Not surprisingly, interest in Uluu has been growing significantly as word spreads and with two successful capital raises under their belt, including investment from CSIRO’s venture capital arm, Main Sequence and even celebrity endorsements from the likes of Tame Impala’s Kevin Parker, the name and the product are attracting attention from all over the globe. Awards like the KPMG Nature Positive Challenge and most recently, the Emerging Innovator category at the WA Innovators of the Year awards, also serve to raise the company’s profile and generate interest as it enters its next phase.

“We’re currently preparing to build a demonstration plant to scale Uluu’s production, positioning us to begin initial sales to customers ahead of full commercial-scale production in the coming years,” says Michael Kingsbury.

“Our first product – injection molding-grade pellets – is launch-ready, with plans to scale for applications like cosmetics packaging and fashion accessories.”

“We’re also excited to continue advancing the development of our second product – melt-spinning-grade pellets for textiles that perform like traditional plastics (polyester for example) without releasing persistent microplastics.
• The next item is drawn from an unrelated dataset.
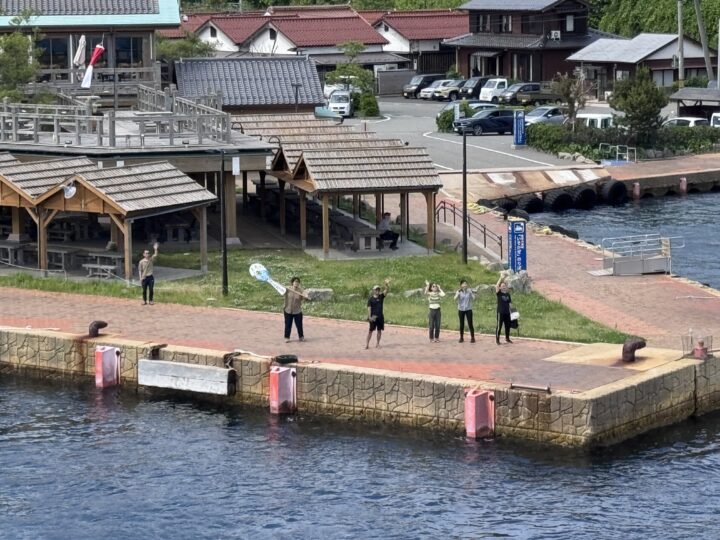 本土に向かう船に力いっぱい手を振って見送る海士町のみなさん
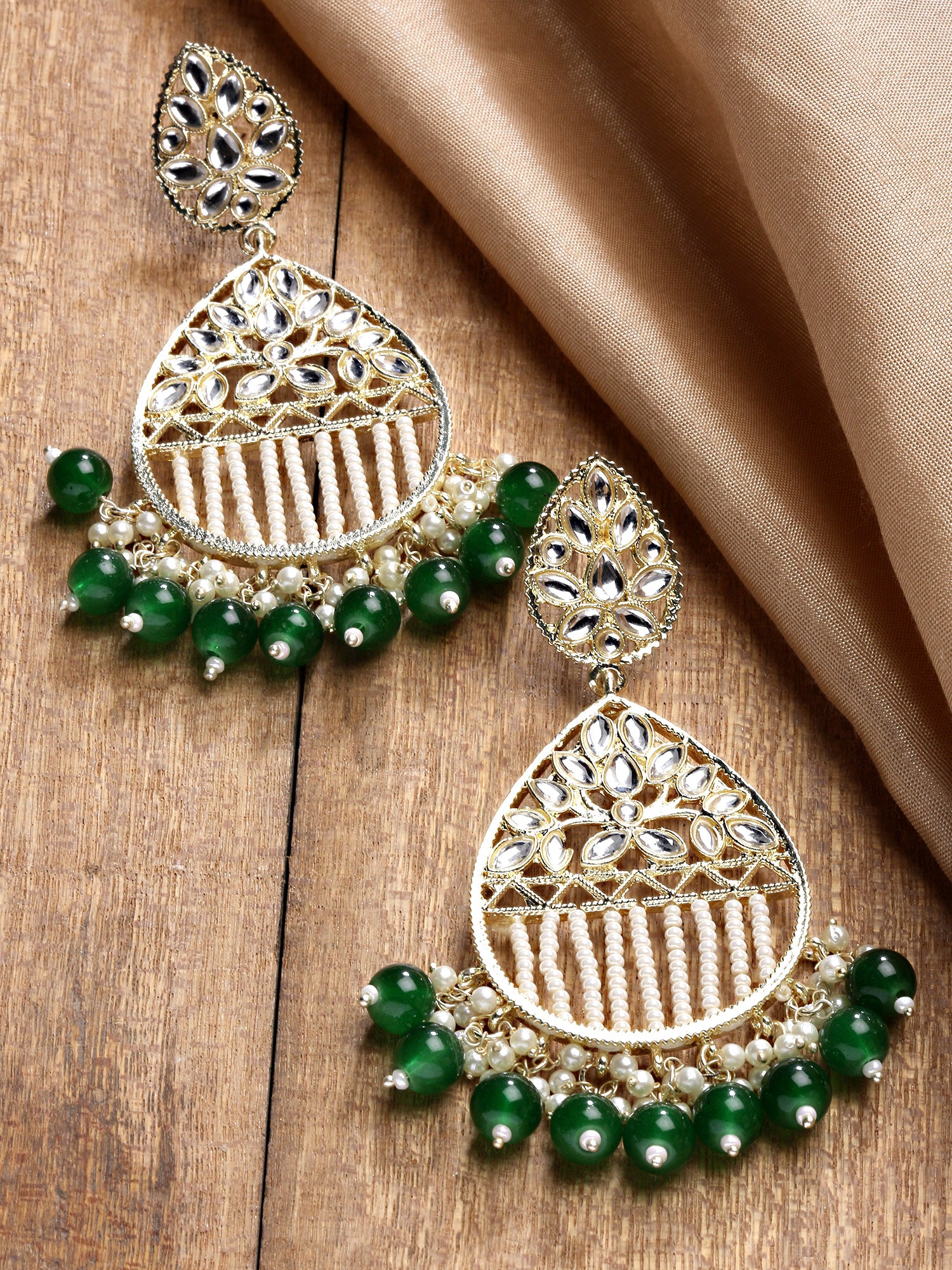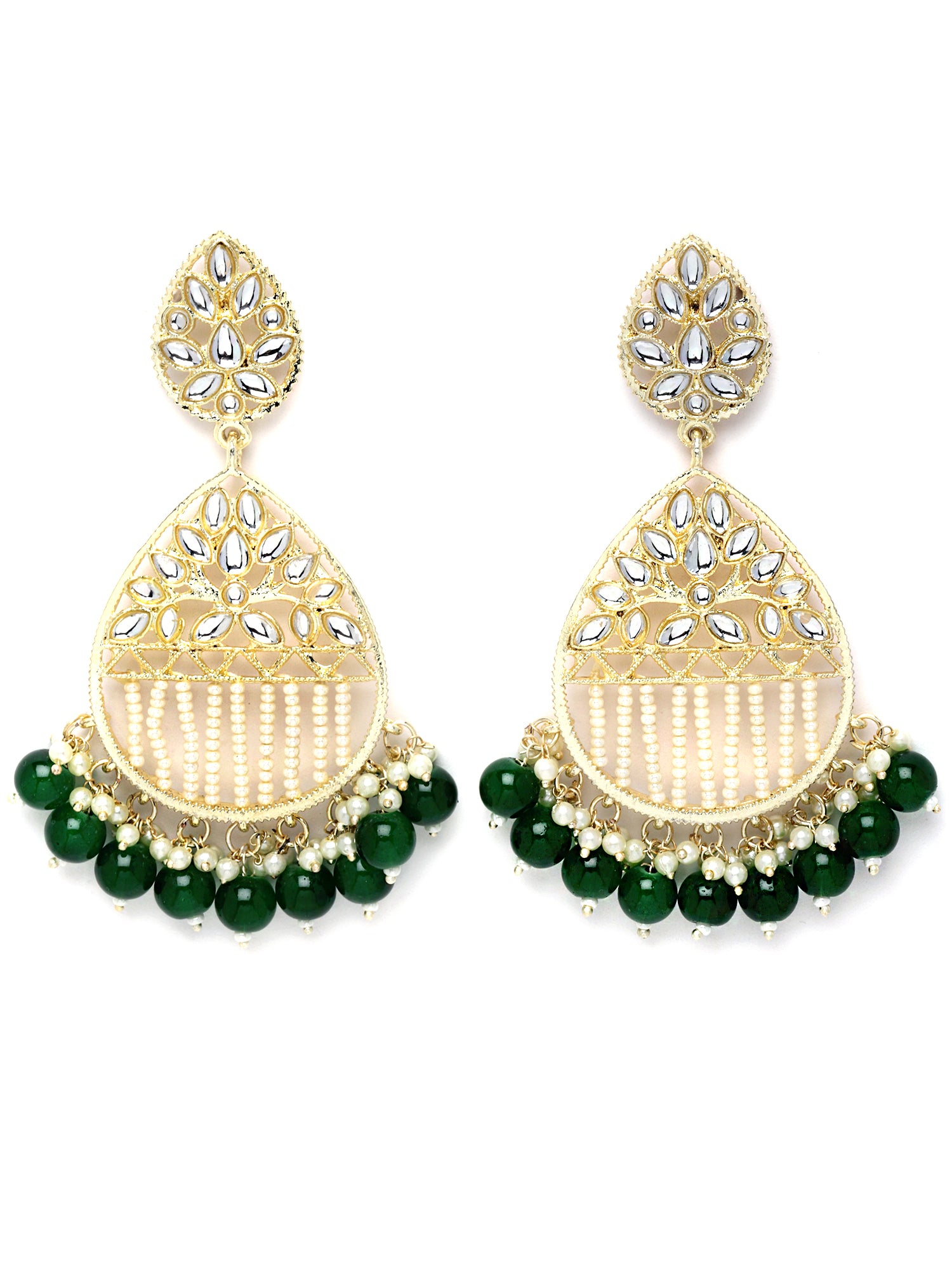 Karatcart Gold Plated Green Beads and Pearl Studded Kundan Dangler Earrings for Women

While there’s still work ahead, we’re making significant strides and collaborating with brands like Quiksilver.”

The future of the Uluu product and its scope for replacing conventional plastics is tremendous.

“Just as there are many types of plastics, there are many types of PHAs. These biopolymers can potentially replace most—if not all—conventional plastics,” says Dr Reisser.

The potential applications for the automotive world too are of great interest to Audi as part of the brand’s ongoing efforts to reduce environmental impacts right across the manufacturing process. 

“As we scale and reduce production costs, our goal is to replace plastics across various markets, including automotive parts,” says Reisser.

“We’re excited to stay connected with Audi as we work toward this vision.”

The technology is proven and the results are exciting right across the process. Now it’s a matter of producing the product at scale to start to stem the tide – no pun intended – of conventional plastics. Certainly it is a modern day alchemy story with a refreshing twist, and one that attacks a major issue head on with ingenuity and positive results from start to finish.